En Ituzaingó, un robo de esos que parecen calcados —mientras la casa queda vacía y el barrio hace su rutina— terminó con una campera en primer plano. No cualquier campera: una que Franco Colapinto, el piloto argentino de Fórmula 1, le había regalado a un vecino. La Bonaerense la recuperó tras un operativo que arrancó con cámaras, siguió con el Anillo Digital y cerró con dos detenciones, entre ellas la del sospechoso señalado como jefe de una banda de escruches.
- La víctima volvió a su casa y encontró aberturas forzadas y faltantes de valor, incluida la campera de Colapinto.
- Los sospechosos: tres hombres y una mujer, que se movían en un Citroën C4 gris.
- El Anillo Digital detectó el auto en Lynch y Coronel Maure (Monte Chingolo, Lanús); detuvieron a un hombre de 30 años, chileno.
- Secuestraron el C4 con numeraciones de motor y chasis suprimidas, un celular, herramientas y varios objetos robados.
- Con orden judicial allanaron en Villa Palito (San Justo): una mujer aprehendida y más elementos recuperados.
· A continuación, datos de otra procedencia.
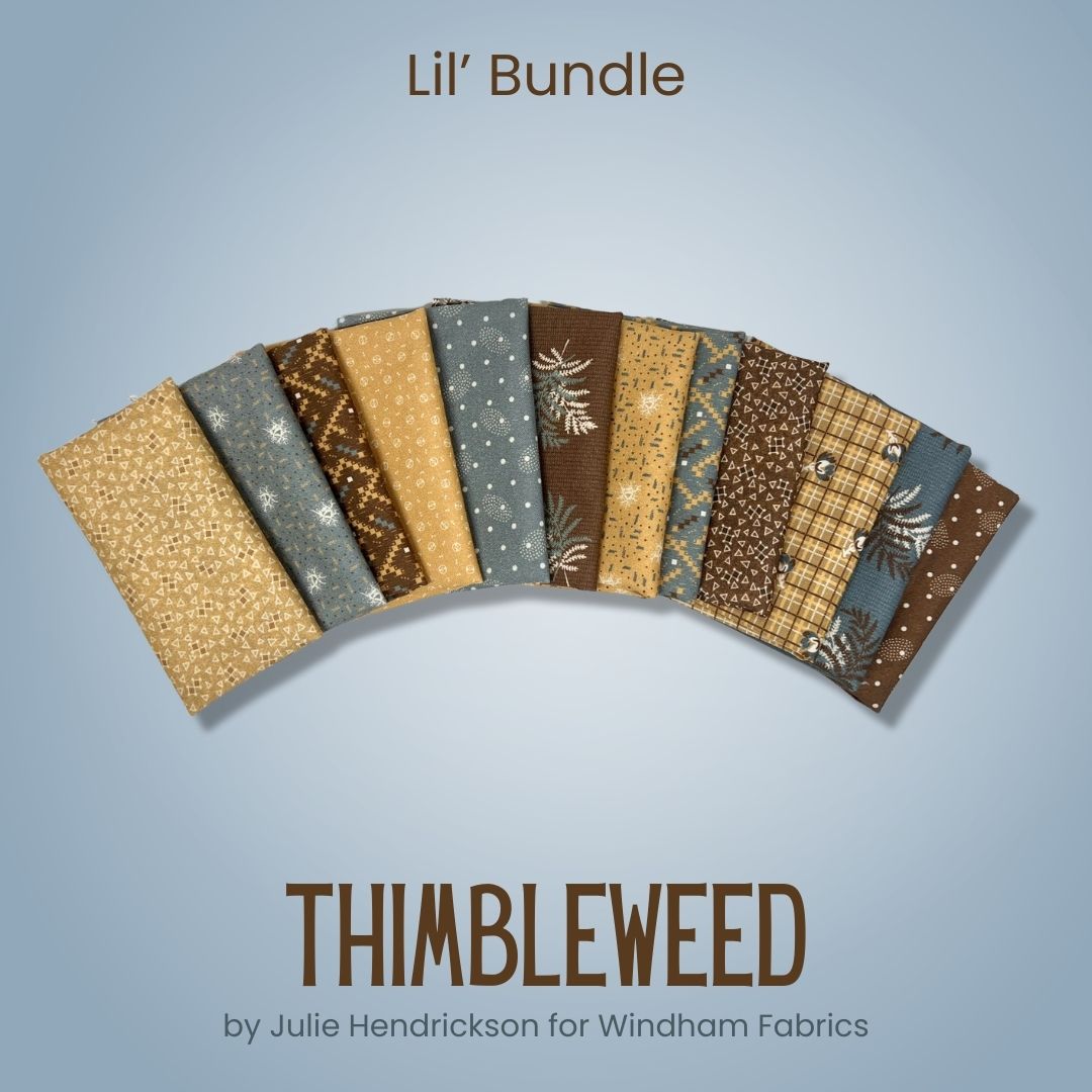 The Thimbleweed Lil' Bundle includes 12- 6"x21" cuts of fabric from the Thimbleweed collection by Julie Hendrickson for Windham Fabrics to create any GE Designs Lil' Table Runner. The lil bundle does not include fabric for 1/4 yard of binding.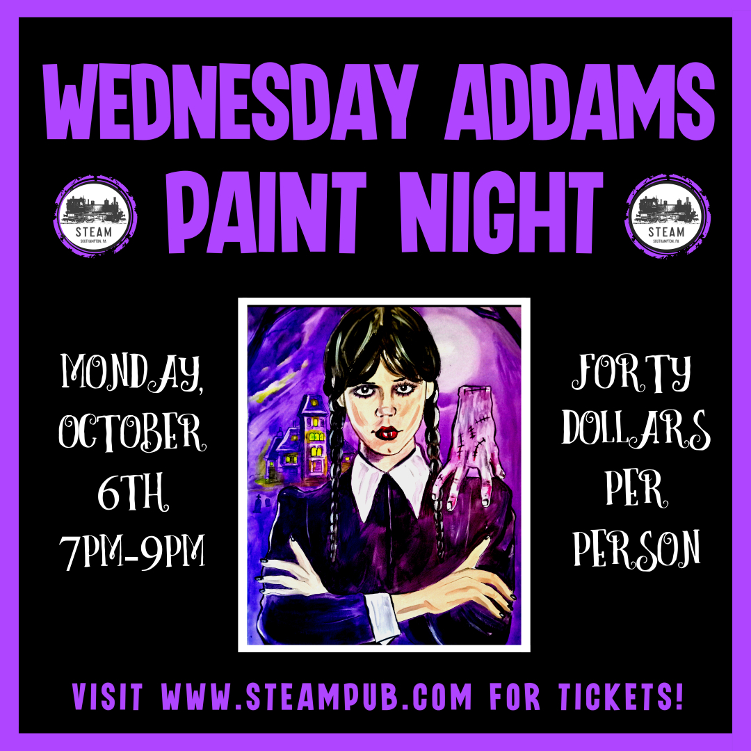 Channel your inner gloominess at Steam Pub’s Wednesday Addams Paint Night on Monday, October 6th at 7pm! We supply the paint, you supply the dark vibes. This event is ALL AGES and tickets are limited!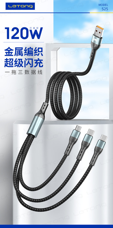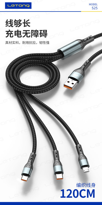 - Model: LeTang LT-S25 Fast Charging 120W One-Trip-Three Charging Cable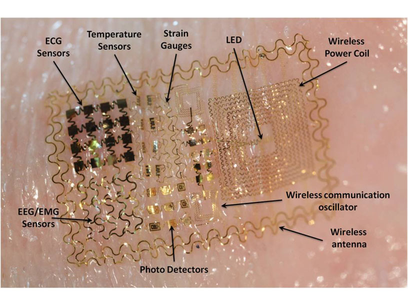 Созданная ими микросхема из кремния и арсенида галлия была предназначена для медицинского мониторинга. Она включала датчики температуры, сенсоры, определяющие электрическую активность нейронов, а также радиоустройство для обратной связи и даже маленькую солнечную батарею. Вся эта «начинка» размещалась между двумя слоями полиимида – тонкого полимера, который уже давно используется для изготовления гибких печатных плат. Удерживалась вся конструкция на коже человека благодаря ван-дер-ваальсовым силам.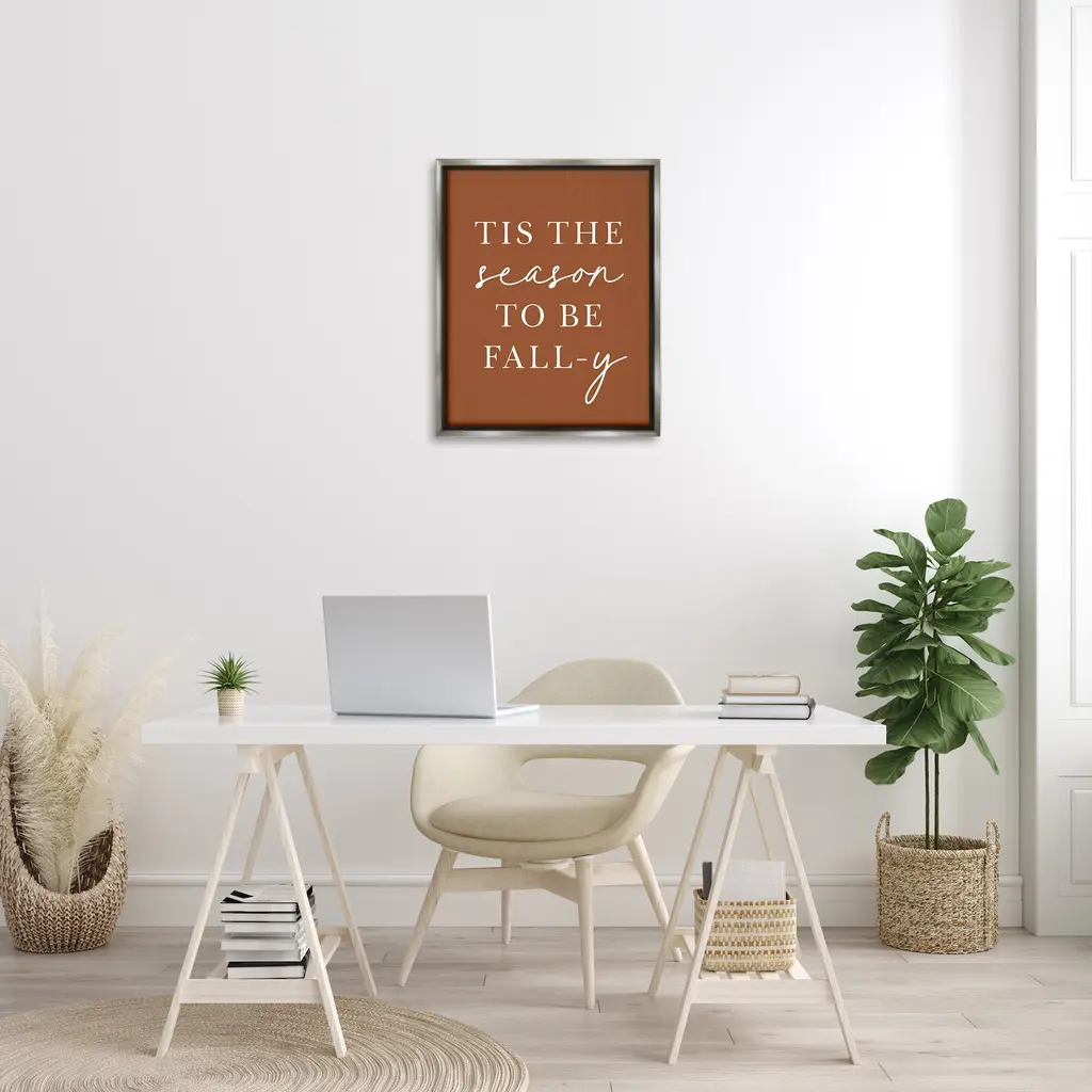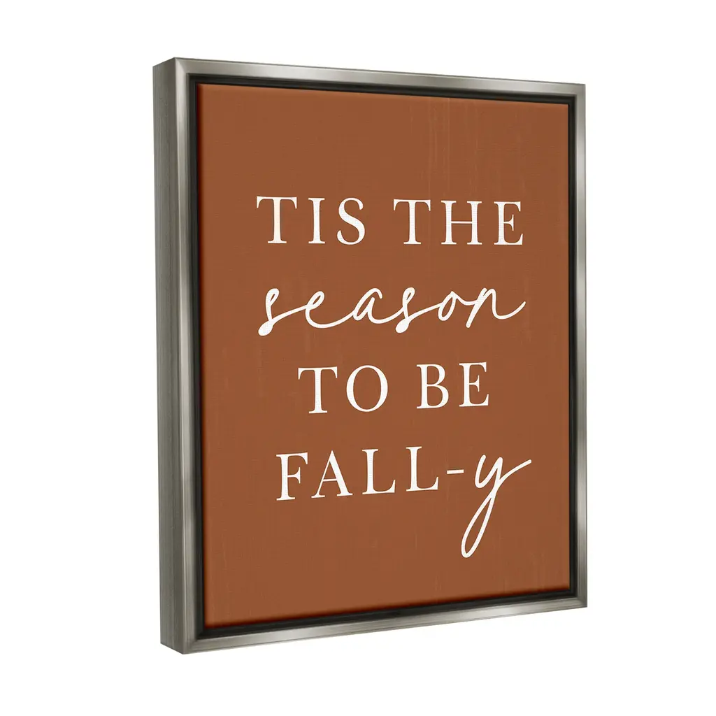 Elevate your home or office to the next level with Stupell Framed Floating Canvas Wall Art. Our premium hand-stretched canvas is mounted securely into a sturdy lightweight frame. The museum-style gap between the wrapped canvas and the box frame gives the illusion of floating artwork. Stupell Wall Art is made in the USA.Features: Dimensions: 17 x 1.7 x 21 Frame, 16 x 1.5 x 20 Canvas ArtFloating Frame Canvas Products are available in sizes 17"x21" and 25"x31". All Floating Frame Canvas Products have a 1.7" Depth.Wall Art is Ready to Hang with Hardware Free Hanging. No Installation required. For Easy Set Up Lean or Layer Artwork on Shelf or Against Wall. Artwork is Permently Fixed into the Frame.Our elevated 1.7" Thick Floating Frame is the perfect complement to our canvas style Wall Art. We use only the highest quality inks in house with industry leading printing solutions. Canvas is hand stretched over a durable wood foundation and then mounted securly into a Modern Box Frame. Made in the USA.Artwork Relates To: Phrase, Fall, Autumn, Humor, Funny, Minimal, Tis The Season To Be Fall-yDesign by Lettered and Lined

- La causa quedó caratulada como Robo Agravado por Escruche; interviene la UFI 2 de Ituzaingó.
El golpe silencioso en Ituzaingó
El hecho ocurrió días atrás, en el oeste del conurbano. La dueña de casa regresó y encontró las aberturas violentadas. El faltante fue rápido de listar: varios objetos de valor y una campera que Colapinto le había dado el año pasado, durante su etapa con Williams. Un detalle sentimental en medio del inventario frío de cualquier robo.
Las cámaras y un C4 gris
Un repaso de las cámaras de seguridad municipales y privadas armó la primera línea de tiempo. Se vio a tres varones y una mujer llegar y retirarse en un Citroën C4 gris. Con ese dato, la policía activó el Anillo Digital, la red que lee patentes en accesos y calles clave, y el sistema marcó el paso del vehículo por Lynch y Coronel Maure, en Monte Chingolo, Lanús.
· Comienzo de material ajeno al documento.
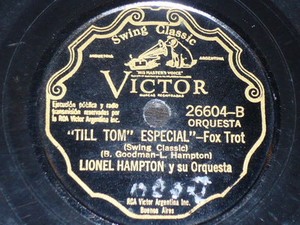 JAZZ 78 rpm RECORD Victor LIONEL HAMPTON Y SU ORQUESTA Foxtrot ARGENTINA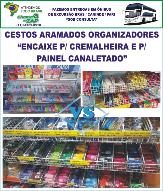 EXPOSITORES , CESTOS ARAMADOS , CESTOS ORGANIZADORES , GÔNDOLAS , CREMALHEIRAS E ACESSÓRIOS , GANCHOS , BANCAS DE OFERTAS , BALCÕES , VIDROS TEMPERADOS , CONECTIVOS , ARARAS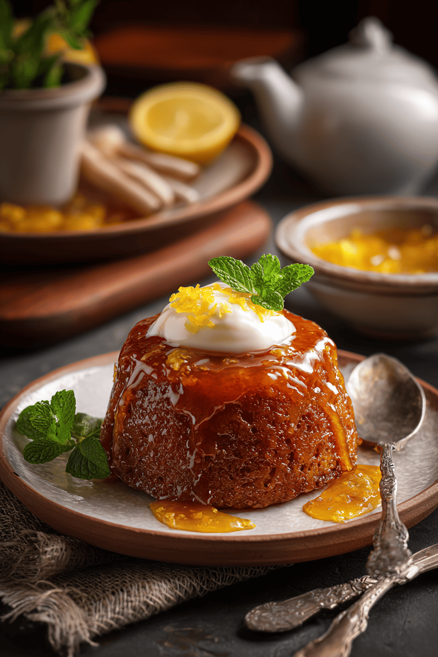 A farinha escolhida deve ser sem fermento, sempre; o fermento químico em pó aquece rápido, por isso doses precisas são cruciais para o pudim não virar uma esponja seca. Use manteiga amolecida, nunca derretida – isso faz toda diferença no resultado final do creme. Gengibre em pó dá o fundo do sabor, mas o fresco na calda é o que traz vida pro doce; substituí o açúcar por mel por questão de sabor, mas açúcar mascavo também funciona, só controle a quantidade para evitar amargar. A marmelada de laranja pode ser substituída por geleia de mexerica ou tangerina, depende da época, fica igualmente interessante. Caso não tenha limão siciliano, use limão cravo pois tem aroma mais forte, mas cuidado para não amargar a calda.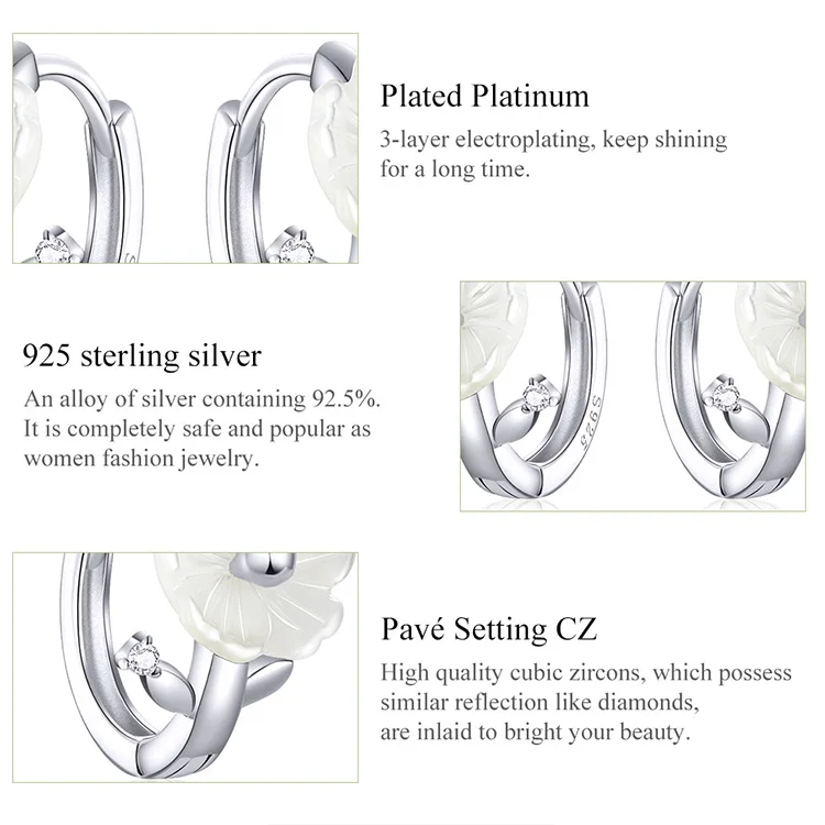 Материал: S925 + покрытая платиной + паве установка CZ + оболочка Размеры: 1,2*0,8 см Описание: Чистые и чистые белые лепестки цветут на солнце, чтобы добавить сладкий темперамент для вас.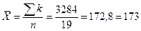 | Номер измерения i | Результат измерения x |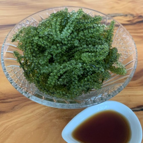 そんな海ぶどうはブドウのような見た目で、プチプチとした食感が特徴。カロリーが低くミネラルが豊富なため、健康や美容を気にしている人にも喜ばれそうです。付属のドレッシングに付けながらサラダとして食べたり、お酒のおつまみとしてもおいしく食べられます。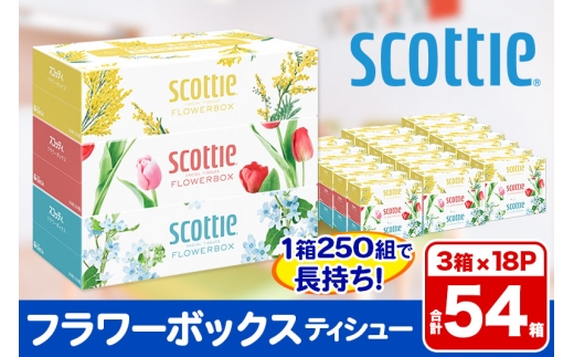 • ティッシュペーパー スコッティ フラワーボックス250組 54箱(3箱×18パック)  日用品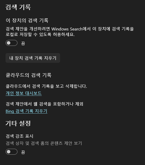 *개인정보 및 보안 > 검색권한 > 검색기록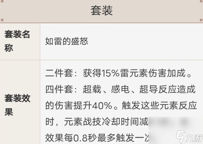 2、如雷的盛怒四件套:可以获得雷元素伤害加成,输出的期望值很高还能减掉CD ,可以在合成台三合一兑换。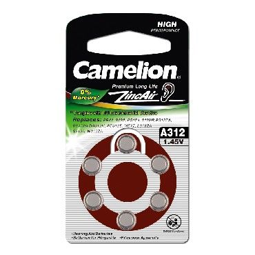 Батарейка Camelion ZA312 BL-6 Mercury Free (A312-BP6(0%Hg), батарейка для слуховых аппаратов, 1.4 V,170mAh), напряжение 1,4В, емкость 160мА*ч, кол-во в упаковке 6 шт., размер упаковки 40x90x4 мм, использовать при температуре от 0 до + 50 °C, хранить при температуре от +15 до +25 °C. Срок хранения 3 года.

La caída en Monte Chingolo
Patrulleros se movieron rápido. En el lugar detuvieron a Ascencio Espinoza J. S., ciudadano chileno de 30 años, sindicado como el líder de la banda. El C4 tenía las numeraciones de motor y chasis suprimidas. Además incautaron un celular, herramientas y varios elementos que, según la pesquisa, habían sido sustraídos ese mismo día. La ubicación de Espinoza en Ituzaingó quedó respaldada por la apertura de antenas de su teléfono, un recurso técnico que en estas causas viene ganando terreno.
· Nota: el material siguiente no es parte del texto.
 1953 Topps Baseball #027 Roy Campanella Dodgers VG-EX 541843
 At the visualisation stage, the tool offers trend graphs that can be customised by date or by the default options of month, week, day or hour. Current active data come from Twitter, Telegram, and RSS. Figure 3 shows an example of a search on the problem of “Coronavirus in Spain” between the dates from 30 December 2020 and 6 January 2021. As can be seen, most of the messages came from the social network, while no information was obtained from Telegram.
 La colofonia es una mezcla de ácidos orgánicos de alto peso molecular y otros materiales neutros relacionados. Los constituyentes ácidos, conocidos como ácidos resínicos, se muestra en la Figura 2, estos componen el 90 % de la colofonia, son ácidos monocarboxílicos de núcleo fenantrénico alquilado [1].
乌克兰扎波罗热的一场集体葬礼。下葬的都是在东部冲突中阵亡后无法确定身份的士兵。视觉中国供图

Allanamiento en Villa Palito
La pista habilitó otro movimiento. Con orden judicial, efectivos allanaron una vivienda en Villa Palito, San Justo, barrio de La Matanza de calles angostas y pasillos viejos. Allí detuvieron a una mujer vinculada al hecho y recuperaron más objetos robados. Entre lo secuestrado reapareció la campera de Colapinto, esa prenda que había salido de una mano a otra como gesto y terminó convertida en evidencia.
La causa y lo que sigue
El expediente fue caratulado como Robo Agravado por Escruche —la modalidad de entrar a robar cuando no hay nadie en la vivienda—. Interviene la UFI 2 de Ituzaingó. Falta todavía cerrar el círculo sobre el resto de la banda, pero en el barrio ya saben que al menos una campera volvió a casa. Y a veces, en el conurbano, esa vuelta dice más que mil palabras.